# Auto renew - sort of...



## UnknownAtThisTime (Jan 17, 2011)

[MENTION=1]Morrus[/MENTION]

I am on the 4 month plan, and I noticed my Community Supporter status went to *INACTIVE* and I got angry because I never received an email notification or anything!!!  RAWWRRR!!

So I poked around my 'other' email address and found that my paypal renewal failed (though I am not sure why actually).  oops.

Anyway, I "corrected" the paypal subscription (I think), but I want to make sure it will automatically renew now for me.  If not, I can sign up again myself, but I want to ensure there is not another renewal attempt pending before I do.

"Thanks and Sorry"


----------



## Morrus (Jan 17, 2011)

If the payment failed, PayPal will cancel it automatically.  

As far as I'm aware, you can't "correct" it at that point - you have to initialise a new subcription.  PayPal doesn't allow you to reactivate a cancelled subscription (no, I don't know why!)
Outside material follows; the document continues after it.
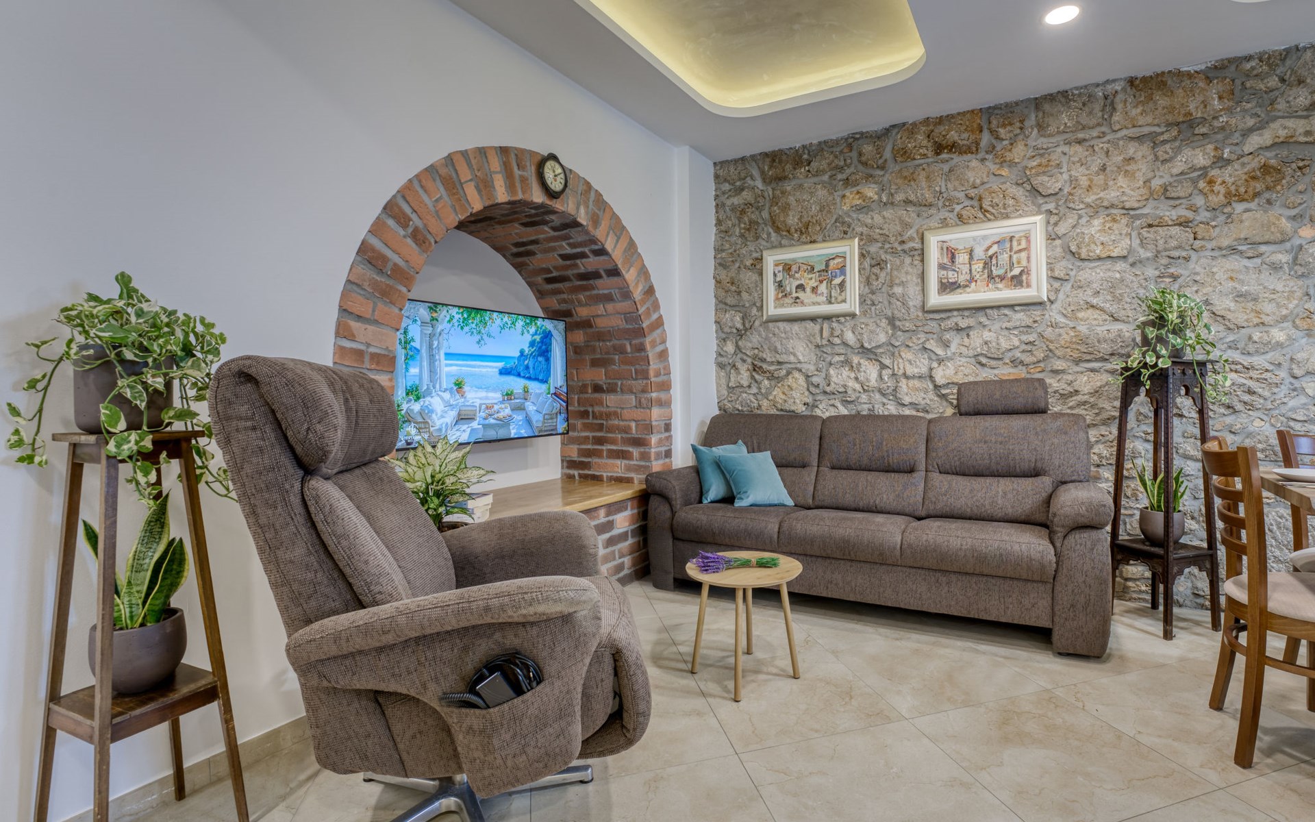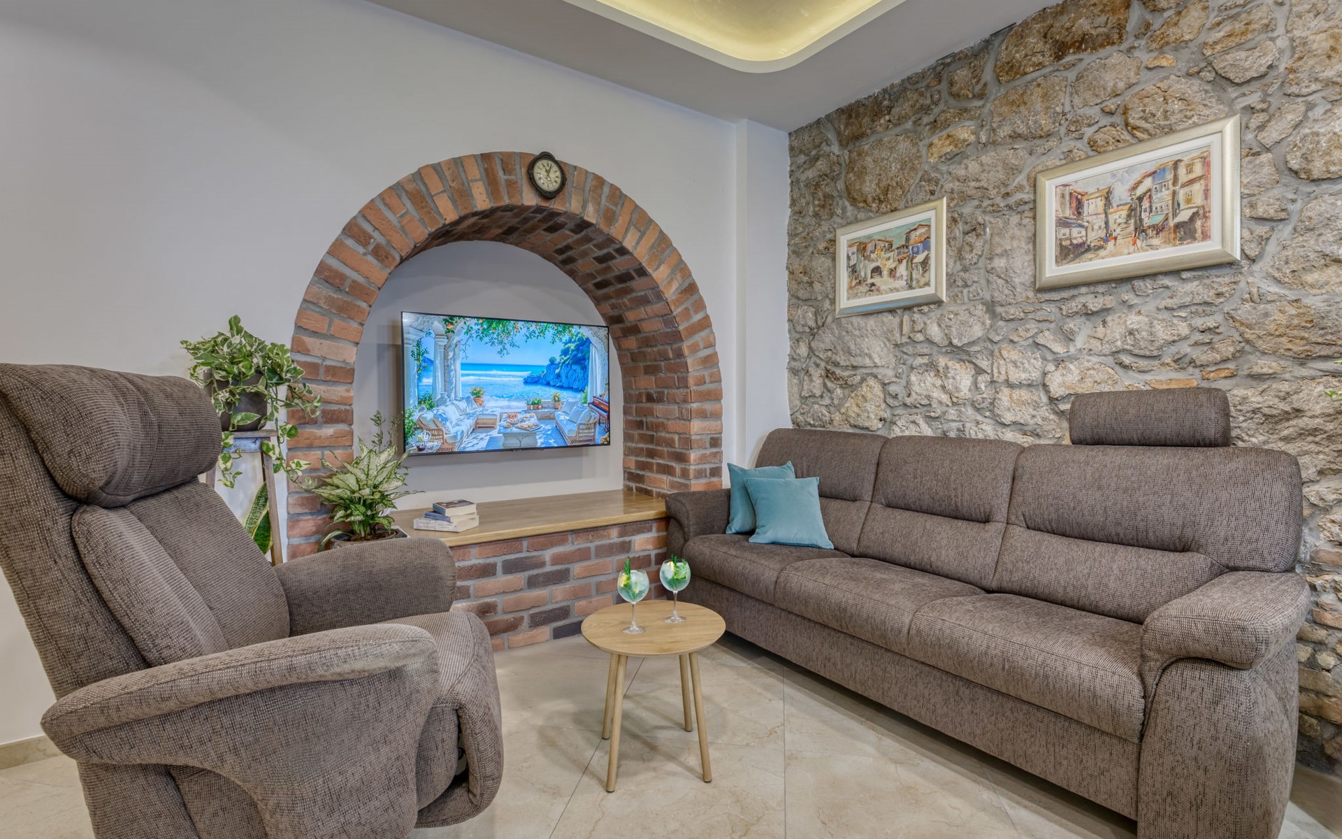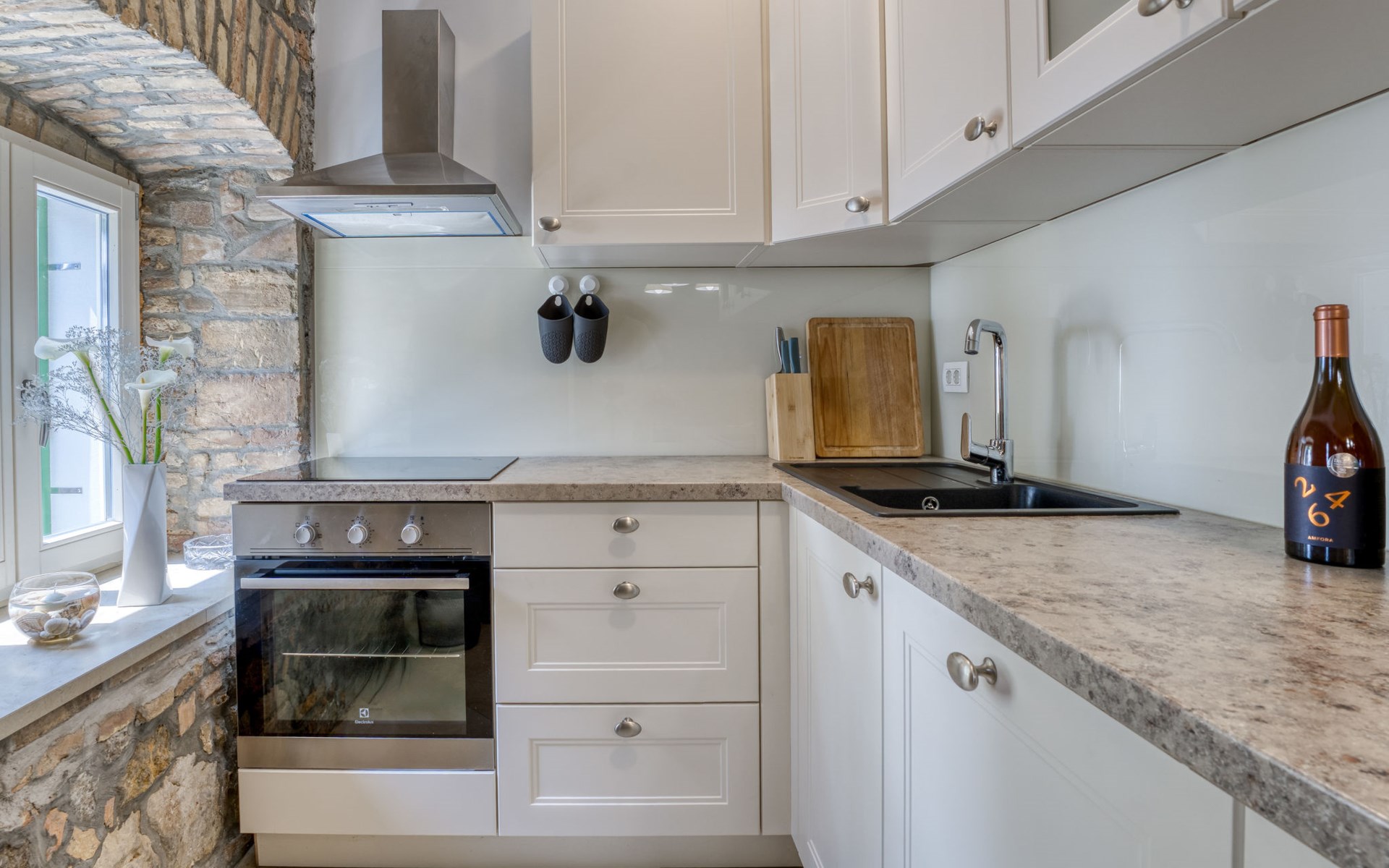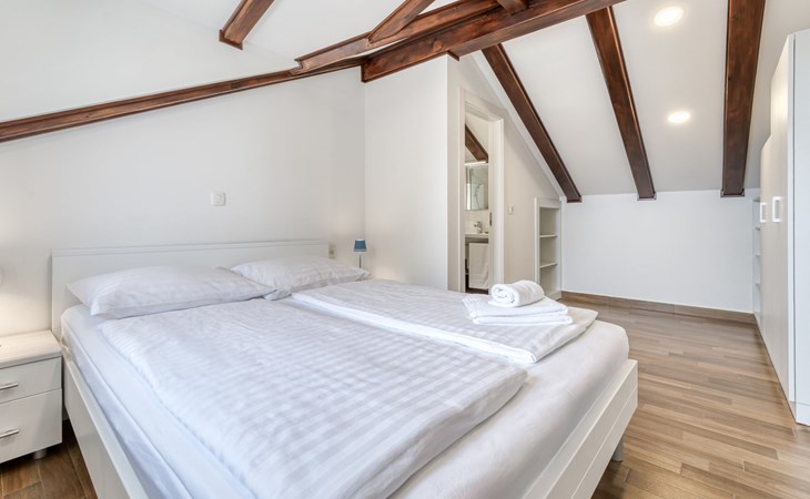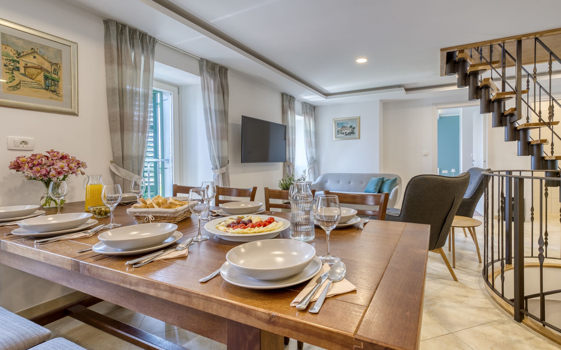 Volosko: Semi-detached house "Conrad", 3 storeys. In the centre of Volosko 1.5 km from the centre of Opatija, in a sunny position, 30 m from the sea, 50 m from the beach. Private: outdoor shower, terrace (45 m2), garden furniture. In the house: internet access, air conditioning. Stepped path (30 steps) to the house. Public parking on the road. Shop 200 m, supermarket 500 m, restaurant 30 m, bar 20 m, bus stop 200 m, pebble beach, concrete beach 50 m. Surf school, walking paths from the house 150 m, children's playground 20 m. Groups of teenagers on request only. Part of the house is closed and unoccupied.

EN World won't attempt to renew it for you - we can't.  We don't hold any details here, it's all at PayPal's end, so we have no control over subscriptions.


----------



## UnknownAtThisTime (Jan 18, 2011)

Right,   I am actually going to give it a couple days to see if paypal does try to auto renew.  When I went in to paypal, it DID offer me the option of "correcting or editing" (I can not recall the term) the subscription, which was interesting.  The implication was that the subscription looked to still be in effect.

In any case, if it does not process in a day or two, I will manually renew.  It hurts to give out just one XP when you are used to so much more.


----------



## UnknownAtThisTime (Jan 26, 2011)

For the record, after I corrected the paypal error,  it did automatically  attempt another auto renew which suceeded, as I am now *Community Supporter Account: ACTIVE *again.

It is good to be back.


----------



## Dice4Hire (Jan 27, 2011)

We missed you.


----------